Aku sudah berada di sebuah ruangan serba putih. Itu adalah ruang kerja, tetapi sekaligus ruang pemeriksaan seperti yang biasa ada di rumah sakit. Dengan ranjang berukuran panjang dan tirai hijau yang mengelilingi dan sofa yang sedang aku duduki.
"Jadi kau, Djahoel? Muhammad Djahaludin?"
"Iya, Pak.'
Itu adalah pertama kalinya aku bertemu dengan Tuan Dodi, seorang ahli Psikolog. Dia terduduk di balik mejanya dan bertanya-tanya padaku sambil terus membaca berkas-berkas yang ia pegang. Kemudian setelah selesai dengan pertanyaan-pertanyaan administratif, dia menutup berkas itu dan mulai bertanya hal lain.
"Bagaimana perasaanmu pada orangtuamu ... ayahmu, ibumu?"
"Ibu?"
Dr. Dodi langsung menatapku. "Iya. Apa yang kau rasakan mengenai ibumu?" Pria berbaju putih itu beranjak dan berjalan, pelan menghampiriku lalu duduk di sofa seberang.
Sejenak aku berpikir. Apa yang aku pikirkan tentang ibuku? Setelah apa yang aku lalui bersama ibu seumur hidupku, apa yang aku rasakan terhadapnya?
"Kasihan ... aku kasihan."
"Kasihan?" Dr. Dodi mengangkat satu alisnya.
"I-i-iya ... kasihan," ucapku yang sempat terbata.
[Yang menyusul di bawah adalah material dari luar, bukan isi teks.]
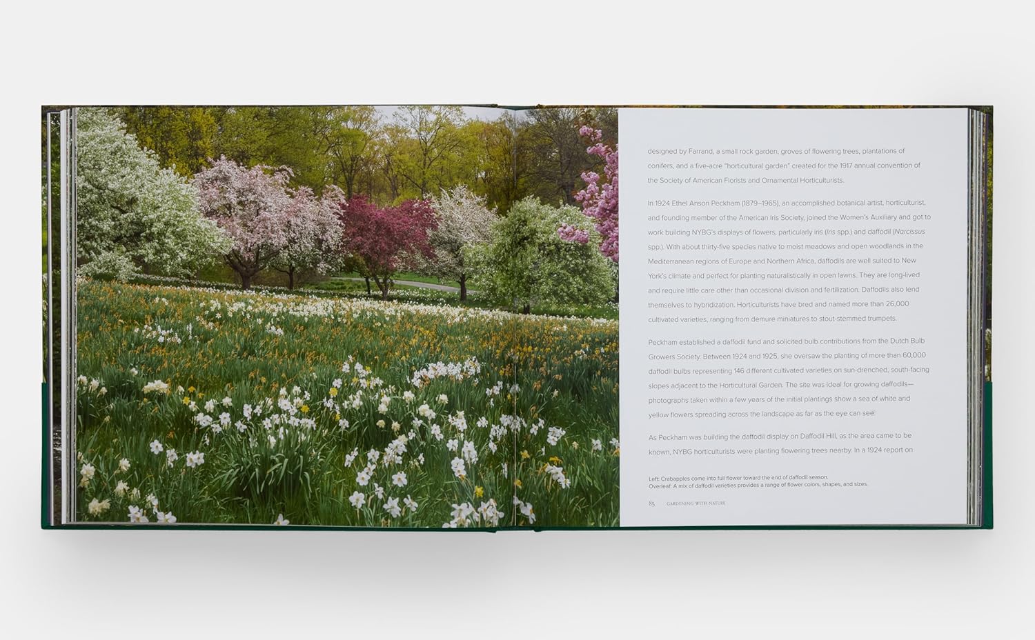 Today, NYBG embodies the principles of sustainable horticulture, and Gardening with Nature demonstrates their application. This richly illustrated new book highlights seven distinct horticultural environments captured by photographer Larry Lederman. Through his lush images, readers will witness the process of decay and regeneration in the Thain Family Forest, the carpet of millions of naturalized daffodils on Daffodil Hill, the vibrant azaleas emerging from rocky outcrops and sheltered by majestic trees, the recently installed Native Plant Garden, and more. Featuring authoritative text by Todd A. Forrest – complemented by historic images and Lederman’s contemporary photographs – Gardening with Nature offers a model for professional and home gardeners alike, encouraging and inspiring readers to adopt sustainable, nature-based processes and techniques.

"Apa yang membuatmu kasihan padanya?"
Aku mencoba mencerna pertanyaan itu, apa yang membuatku kasihan pada ibuku? Sesungguhnya, aku tidak tahu. Oh, tunggu. "Aku ingat ibuku pernah menangis di dalam bus saat menuju perjalanan pulang dari pesantren bersamaku. Dia menangis karena orang tua ayah memarahinya. Aku tidak tahu kenapa mereka sangat membenci ibuku. Mungkin, itu alasan aku kasihan padanya."
"Oke."
"Aku tahu kenapa, tapi ... tapi ... aku tidak tahu bagaimana mengungkapkan perasaan itu."
"Oke. Kau kasihan pada ibumu, tapi kau tak tahu kenapa?"